Victory M. Yinka-Banjo
Eric and Wendy Schmidt Center Funded Research and Innovation Scholar
Elucidating Cardiometabolic Disease Pathways & Biomarkers using Deep Learning
- Computational Biology
- Artificial Intelligence and Machine Learning
The development of therapeutics for diseases is contingent upon a thorough understanding of the disease’s root causes. Diseases like Alzheimer’s and cancer are intricately linked to physical changes in affected cells, as well as genetic and transcriptomic alterations. While researchers have made strides in integrating these aspects to identify potential therapeutic targets, they encounter limitations due to the diversity and limited nature of biological datasets.
To address this challenge, a promising approach involves adapting successful methodologies for a given disease dataset and applying them to analogous datasets with similar structures. This approach can yield new insights and discoveries.
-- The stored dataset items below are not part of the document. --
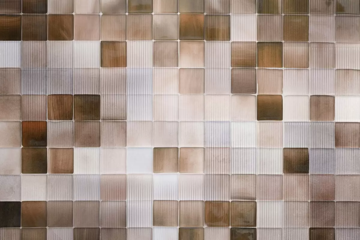 Valokuvatapetti Neliön muotoiset mosaiikkikivilaatat ruskean, beigen ja valkoisen sävyissä, joissa on abstrakti uurrettu rakeinen meluisa rakenne Nr w09269
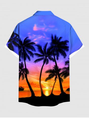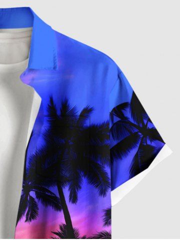 Chemise Imprimé Cocotier Colorée avec Poches Grande Taille pour Homme - Bleu Ciel - Bleu Ciel
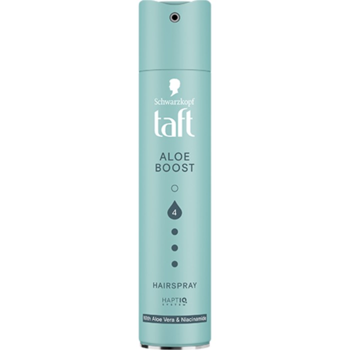 Taft Aloe Boost Hairspray från Schwarzkopf är en hårspray med aloe vera och niacinamid som passar alla hårtyper. Den innovativa Taft-hårsprayen innehåller en Aloe Boost-formulering som ger håret styrka och vård för långvarig stadga och en slät finish utan att klibba.
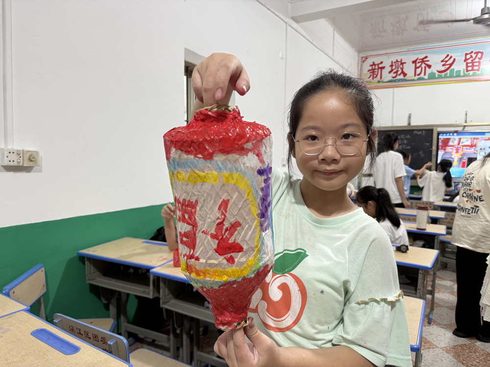 活动现场,实践队员沈如钰详细讲解了油纸灯笼的历史渊源、制作方法和技巧。从挑选合适的竹篾编织骨架,到将薄而坚韧的油纸小心翼翼地粘贴在骨架上,再到绘制精美的图案进行装饰,每一个步骤都蕴含着独特的韵味和讲究。讲堂上孩子们认真聆听,积极互动。小朋友们在实践队员的协助下,发挥天马行空的想象力,用画笔在油纸上勾勒出有趣的线条,写下美好的祝福语,承载着孩子们对生活的美好期许,更成为了传统文化传承的载体。
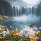 A stunning landscape featuring a majestic waterfall cascading into a serene lake. Vibrant flowers bloom along the shore, surrounded by lush greenery and soft clouds in a bright blue sky.
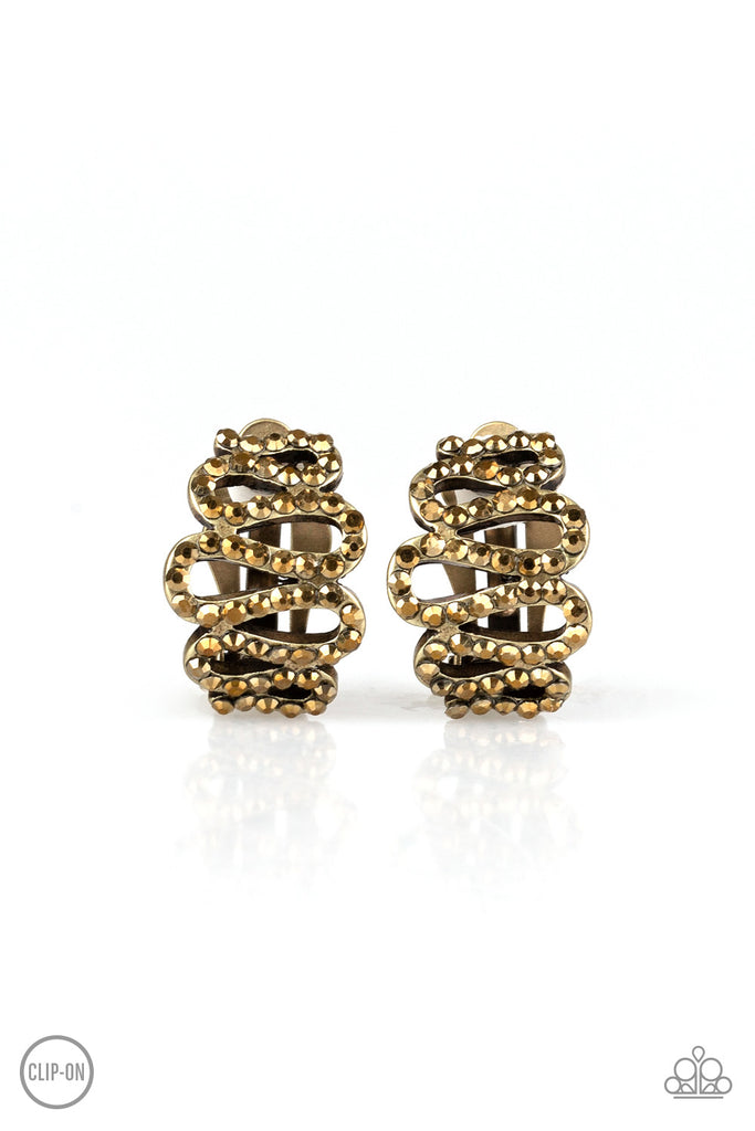 Encrusted in glittery aurum rhinestones, a ribbon of glistening brass loops into a sparkling frame for an edgy look. Earring attaches to a standard clip-on fitting.
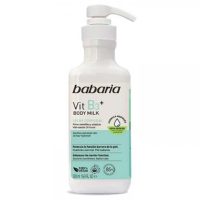 شیر بدن پمپی باباریا babaria حاوی ویتامین B3 مناسب پوست حساس حجم 500 میل وگن و ساخت کشور اسپانیا میباشد.
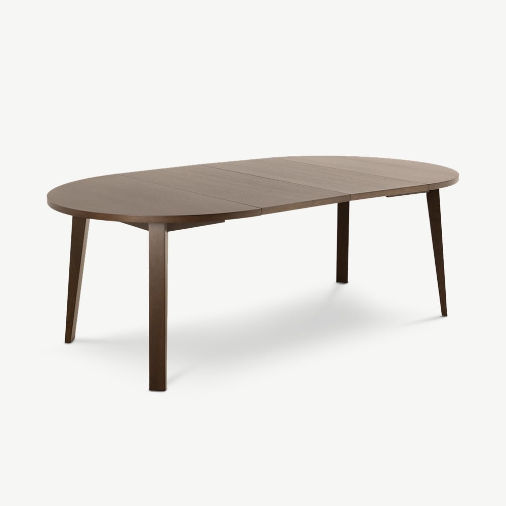 The Copenhagen Extendable Round Dining Table in smoked oak adds a modern edge to timeless Scandinavian design. Made with a smoked oak veneer tabletop and solid oak legs, it seats up to 4 people when closed and extends to 220 cm to seat 6 thanks to the included extension leaves. It's the ideal centrepiece for stylish and versatile dining spaces.
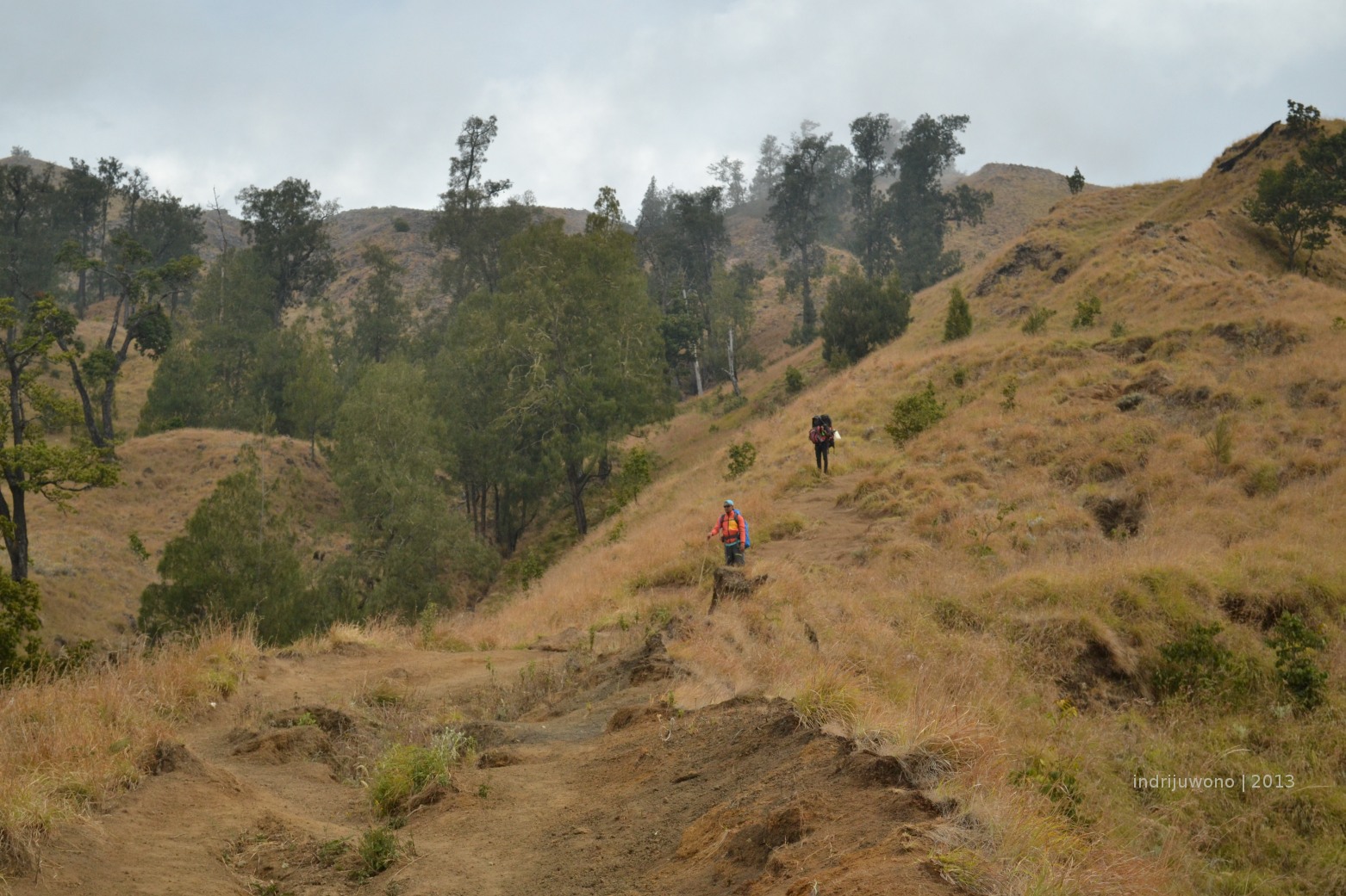 Rombongan India itu meninggalkan pos terlebih dahulu. Aku yakin kami akan bertemu lagi di jalan nanti. Sesudah cukup istirahat, kami melanjutkan perjalanan. Jalur berikutnya berpasir, sehingga kami harus agak berhati-hati melangkah. Tapi tak terlalu panjang lalu mulai memasuki hutan. Pada awalnya Budi, aku, Jay, Sopyan berjalan beriringan. Lama kelamaan Budi berjalan jauh di depan, dan aku di belakangnya beberapa menit sampai tak melihat sosoknya lagi.
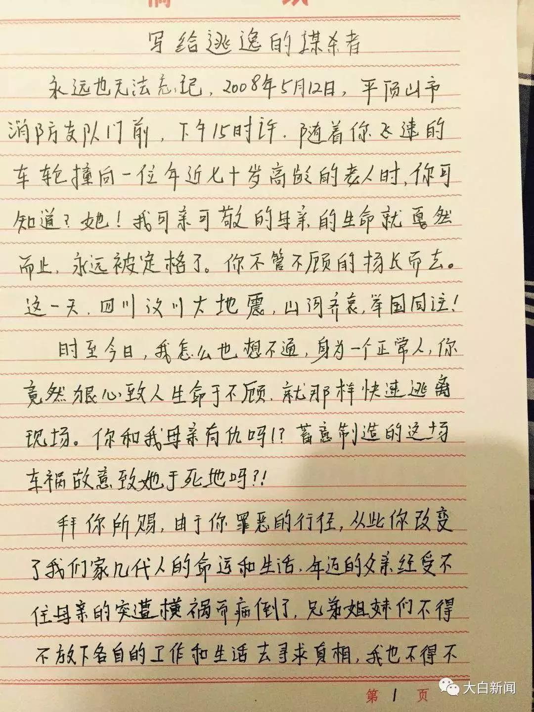 此前,大白新闻曾报道了《科级女干部替母寻凶十年,称“是爷们,就站出来”》一文。2008年5月,河南省平顶山市闹市区发生一场车祸,事发后肇事车辆逃逸,一位7旬老太宋某玲在事故中不幸遇难。事发至今,肇事车辆和司机却仍未找到。宋某玲的女儿齐海霞说:母亲的离世很奇怪,曾有神秘人想出160万让她不再继续追查此事,但被其拒绝。为寻求真相,她已经坚持为母寻凶十余年。
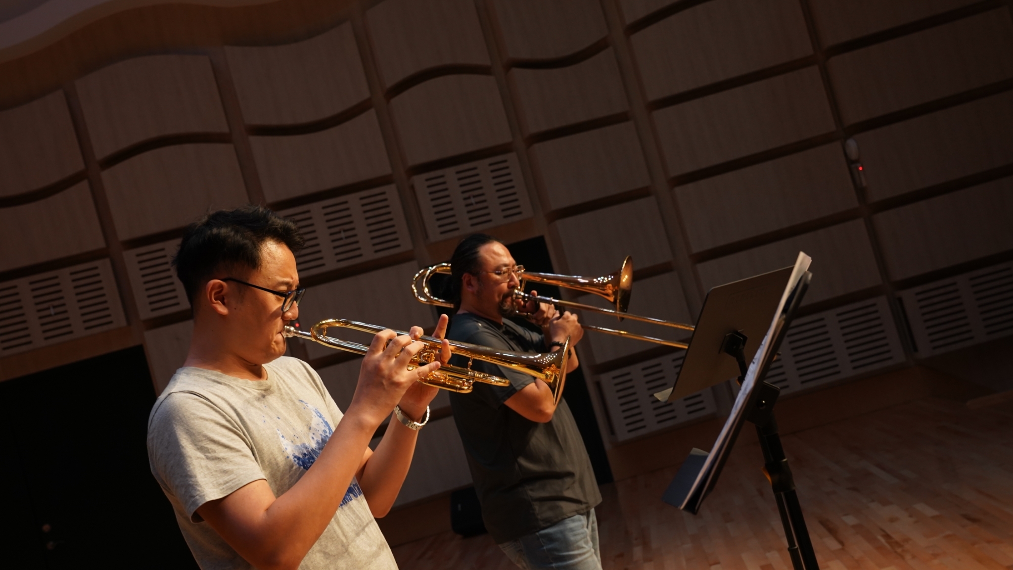 今天成果展一共演奏12首經典與流行曲目,由進階班的A團及初階班的B團分別帶來《頌歌》、《名曲集錦》、《你能感受到今晚的愛嗎?》、《精益求精》、《消失點》、《詩意間奏曲》、《長號國王》、《希望》、《電影捍衛戰士組曲》等經典曲目,A、B兩團也演出三曲大合奏《重訪歡樂》、《泰迪長號》、《在雨中唱歌》。低音、長號、單/雙簧管、薩克斯風、小號、長號、低音管、擊樂等樂器,時而激昂、時而悠揚的演出,讓在場觀眾陶醉忘我。
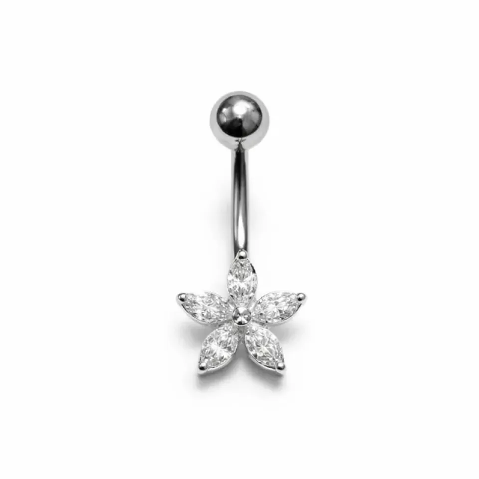 Delicado e elegante, o piercing para umbigo em AÇO é a escolha perfeita para quem busca um toque de brilho com sofisticação. Seu design em formato de flor traz um charme especial, valorizando ainda mais a peça e destacando sua beleza de forma sutil e feminina.
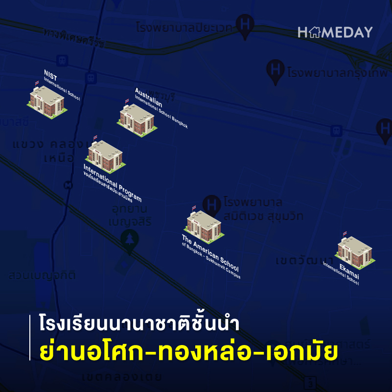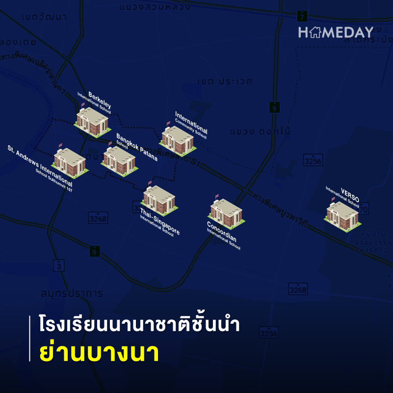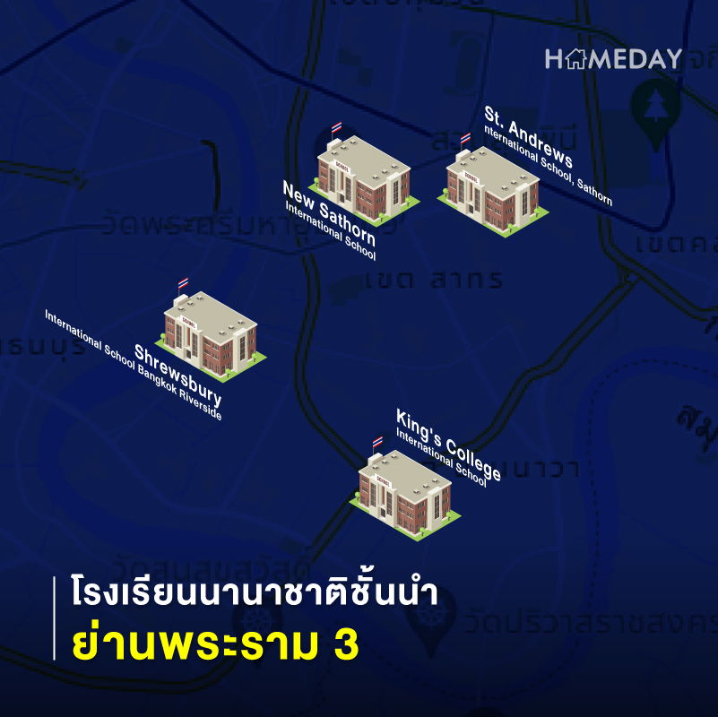 1) King’s College International School : มาตราฐานการศึกษาจาก King’s College School, Wimbledon หนึ่งในโรงเรียนที่ประสบความสําเร็จด้านการศึกษาสูงสุดในโลก มี Facilities ครบครัน ทั้งสระว่ายน้ำในร่มขนาดมาตรฐานโอลิมปิคและสนามกีฬาในร่มขนาด 2,800 ตรม.

Drawing inspiration from the success of STACI, a computational framework used to analyze Alzheimer’s Disease, my research focuses on creating and applying similar methods to a dataset (with both imaging and transcriptomic details) related to cardiometabolic diseases. My work will aim to provide valuable and potentially therapeutic-inspiring diagnostic information for a range of such cardiometabolic health conditions, ranging from heart attacks to obesity.
I am pursing this project because I am passionate about using computational tools (especially AI) to solve biological problems. I also want to learn more about the process of research so I can learn what kind of work I want to commit to in graduate school. I am excited to apply my knowledge from cancer research in industry, biology classes, and 6.036 to this project. I hope that by the end of this SuperUROP, I can publish a paper on my findings.